### [Exercise objective]
Only the lines from the one with "Todos estos cambios" through the last line of the data below are to be duplicated, exactly and without pictures.

(Data records)
+++++

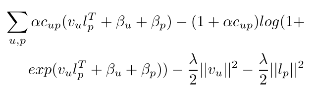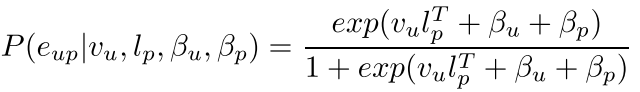 个人感觉这一步需要一些item-based的知识积累:通常,基于 MF 的推荐的目标是找到两个低秩矩阵,包括用户因素矩阵 V ∈ Rmxk 和项目因素矩阵 L ∈ Rmxk,其中 k 是潜在因素的数量,使得内部 这两个矩阵的乘积近似矩阵Cˆ,即 Cˆ = V × LT。 V (vu ∈ V) 的每一行代表用户行为的用户向量,L (lp ∈ L) 的每一行代表物品属性的行为。
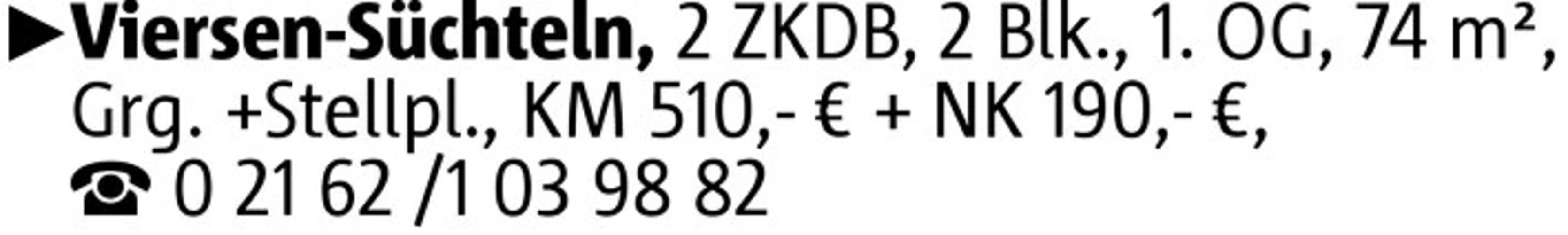 Viersen-Süchteln, 2 ZKDB, 2 Blk., 1. OG, 74 m², Grg.+Stellpl., KM 510,- € + NK 190,- €, 0 21 62 /1 03 98 82
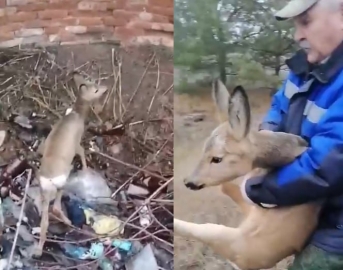 Там зверя выпустили в естественную среду обитания. Благодарная косуля сразу умчалась в лес.
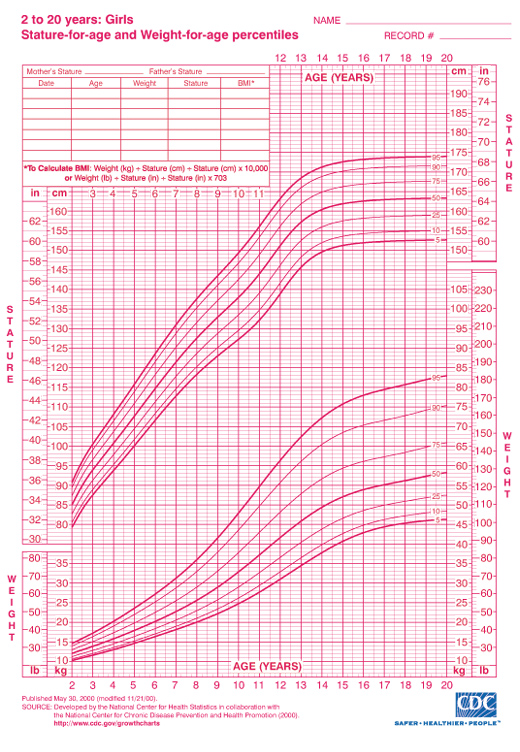 Birth to 36 Months: Girls, 2000(modified 2001), Developed by the National Center for Health Statistics in collaboration with the National Center for Chronic Disease Prevention and Health Promotion (2000), http://www.cdc.gov/growthcharts
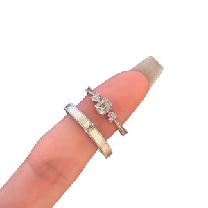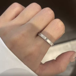 2025新款银色拉丝戒指女小众设计时尚百搭锆石开口指环小红书同款
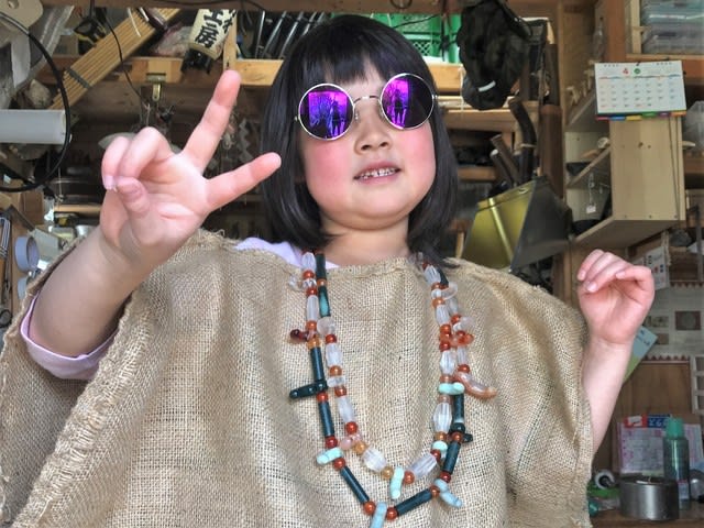 お隣のお嬢ちゃんが「じょうもんさ~ん」と遊びに来たので、ご両親も呼んでヌナカワ姫コスプレの記念撮影だけして、コロナ自粛が終わったら友達連れておいでと早々に家に帰す。
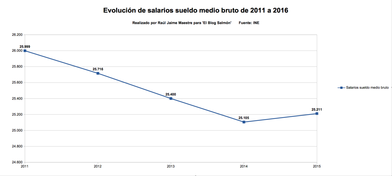 Todos estos cambios ha propiciado la disminución de los salarios como se puede ver en la gráfica de “Evolución de salarios sueldo medido bruto de 2011 a 2016′:
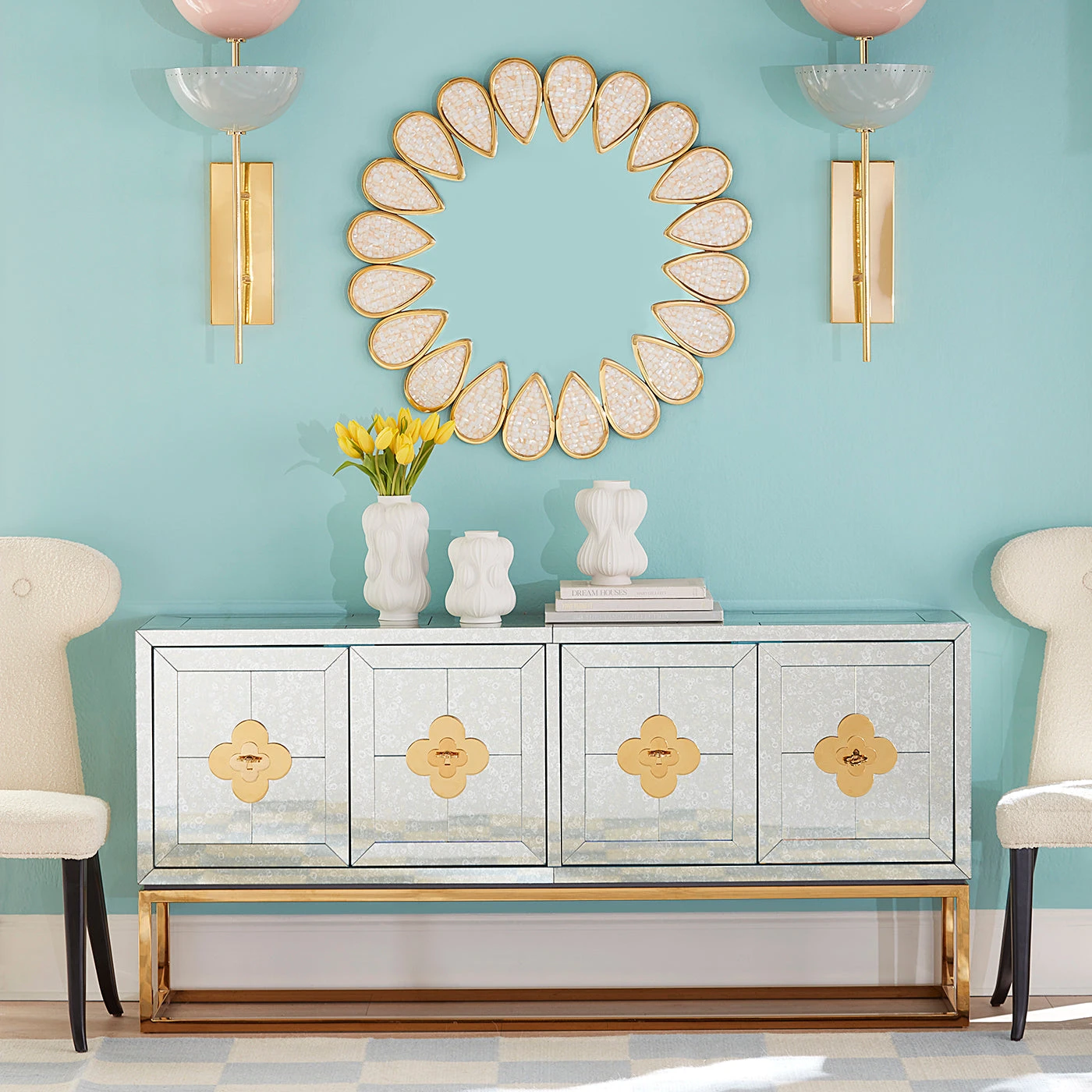 Minimalist forms meet Maximalist glamour. Antiqued mirror with a polished brass base. Two double-door compartments open to reveal a bright robin’s egg blue interior fitted with two adjustable shelves. Quatrefoil handles and escutcheons add a decorative flourish to the simple form.

+++++

### [Solution to this exercise]
 Todos estos cambios ha propiciado la disminución de los salarios como se puede ver en la gráfica de “Evolución de salarios sueldo medido bruto de 2011 a 2016′:
 Minimalist forms meet Maximalist glamour. Antiqued mirror with a polished brass base. Two double-door compartments open to reveal a bright robin’s egg blue interior fitted with two adjustable shelves. Quatrefoil handles and escutcheons add a decorative flourish to the simple form.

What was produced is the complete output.